## Given data

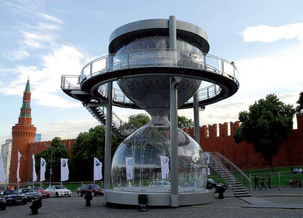 On the occasion of the new BMW 7 Series launch in Moscow, the advertising agency wanted to present the car in a 40 ft high hourglass.
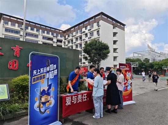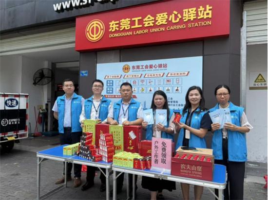 在東莞市匯峰中心,前海人壽東莞分公司的志愿者搭建起服務(wù)站點(diǎn),為環(huán)衛(wèi)工人、快遞員、外賣員等戶外工作者送上清涼飲品,同時(shí)結(jié)合宣傳材料講解電信詐騙手法和防范要點(diǎn),在送上夏日關(guān)懷的同時(shí)有效提升群眾金融風(fēng)險(xiǎn)防范意識。
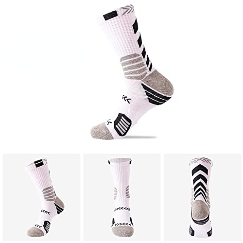 Men's Socks Trendy Contrast Color Long Tube Basketball Socks Towel Bottom Sweat-Absorbent Breathable Professional Sports Socks (Children's 32-37 average size,Black and White) 5
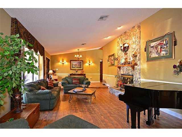 Immaculate executive home, custom gourmet kitchen, solid wood cabinets, hi end appliances, dual stone fireplace, wood floor, tile, waterfallsin tropical pool/patio,jacuzzi tub in master bath, spacious rooms, truly a family home, paved circle driveway, ho HOA, close to Sawgrass and shopping,

## Problem details
Would you print the whole listing exactly, omitting the pictures?

## Response for this exercise
 On the occasion of the new BMW 7 Series launch in Moscow, the advertising agency wanted to present the car in a 40 ft high hourglass.
 在東莞市匯峰中心,前海人壽東莞分公司的志愿者搭建起服務(wù)站點(diǎn),為環(huán)衛(wèi)工人、快遞員、外賣員等戶外工作者送上清涼飲品,同時(shí)結(jié)合宣傳材料講解電信詐騙手法和防范要點(diǎn),在送上夏日關(guān)懷的同時(shí)有效提升群眾金融風(fēng)險(xiǎn)防范意識。
 Men's Socks Trendy Contrast Color Long Tube Basketball Socks Towel Bottom Sweat-Absorbent Breathable Professional Sports Socks (Children's 32-37 average size,Black and White) 5
 Immaculate executive home, custom gourmet kitchen, solid wood cabinets, hi end appliances, dual stone fireplace, wood floor, tile, waterfallsin tropical pool/patio,jacuzzi tub in master bath, spacious rooms, truly a family home, paved circle driveway, ho HOA, close to Sawgrass and shopping,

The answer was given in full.